Except on iSeries, we don't do the various workarounds we need to
do on re-enable when returning from an interrupt, which can do an
implicit re-enable, and thus we may still lose or get delayed
decrementer or doorbell interrupts.

The current scheme also makes it much harder to handle the external
"edge" interrupts provided by some BookE processors when using the
EPR facility (External Proxy) and the Freescale Hypervisor.

We also hard mask on decrementer interrupts which is sub-optimal.
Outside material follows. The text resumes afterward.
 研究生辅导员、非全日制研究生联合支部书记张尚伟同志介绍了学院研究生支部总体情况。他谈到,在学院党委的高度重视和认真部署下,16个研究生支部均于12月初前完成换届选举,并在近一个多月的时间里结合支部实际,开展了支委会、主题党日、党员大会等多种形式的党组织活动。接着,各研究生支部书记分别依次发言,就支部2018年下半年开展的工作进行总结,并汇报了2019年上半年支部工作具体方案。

This is an attempt at fixing it all in one go by reworking the way
we do the lazy interrupt disabling.

The base idea is to replace the "hard_enabled" field with a
"irq_happened" field in which we store a bit mask of what interrupt
occurred while soft-disabled.

When re-enabling, either via arch_local_irq_restore() or when returning
from an interrupt, we can now decide what to do by testing bits in that
field. We then implement re-emitting of the lost interrupts via either
a re-use of the existing exception frame (exception exit case) or via
the creation of a new one from assembly code (arch_local_irq_enable),
without the need to trigger a fake one using set_dec() or similar.
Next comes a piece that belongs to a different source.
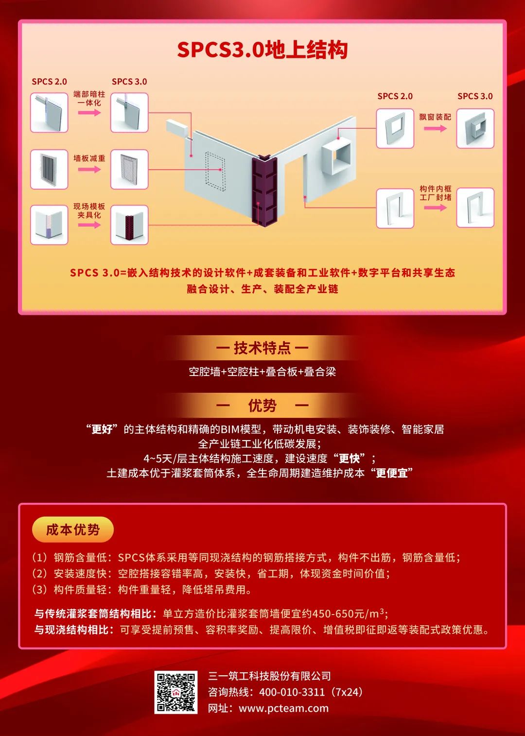 应用“空腔搭接加后浇、定型模具浇节点、墙柱梁板全预制、地下地上全装配”的SPCS全预制装配式建筑系统,可实现:
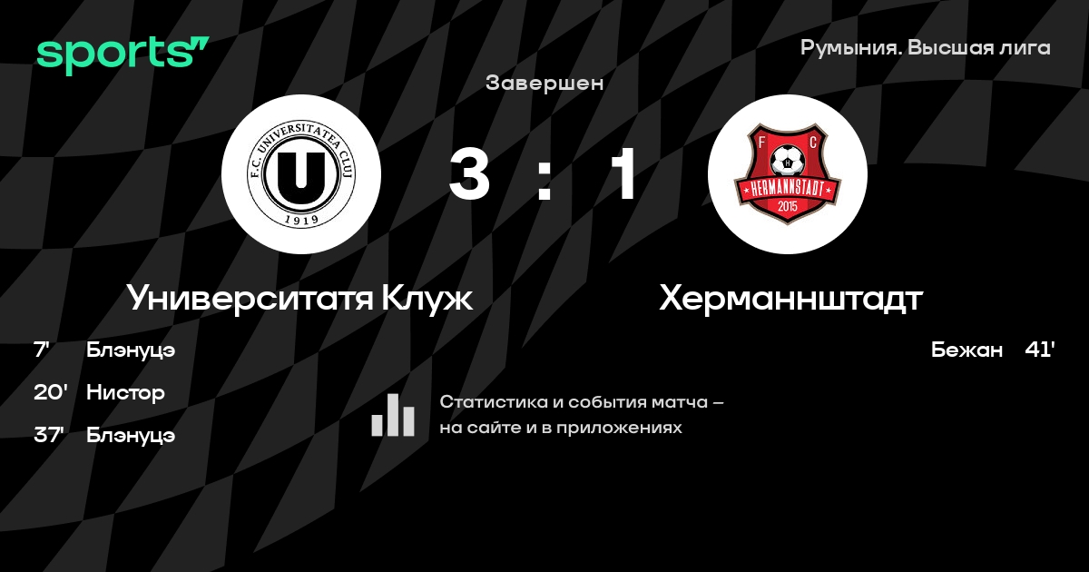 Университатя Клуж – Херманнштадт: Херманнштадт забивает в 5 из 7 последних матчей против этого соперника

In addition, this adds a few refinements:

  - We no longer  hard disable decrementer interrupts that occur
while soft-disabled. We now simply bump the decrementer back to max
(on BookS) or leave it stopped (on BookE) and continue with hard interrupts
enabled, which means that we'll potentially get better sample quality from
performance monitor interrupts.

  - Timer, decrementer and doorbell interrupts now hard-enable
shortly after removing the source of the interrupt, which means
they no longer run entirely hard disabled. Again, this will improve
perf sample quality.

  - On Book3E 64-bit, we now make the performance monitor interrupt
act as an NMI like Book3S (the necessary C code for that to work
appear to already be present in the FSL perf code, notably calling
nmi_enter instead of irq_enter).

There are additional refinements that we can do on top of this patch:

  - We could remove the ps3 workaround from arch_local_irq_enable(),
I believe that it should no longer be necessary

  - We could make "masked" decrementer interrupts act as NMIs when doing
timer-based perf sampling to improve the sample quality.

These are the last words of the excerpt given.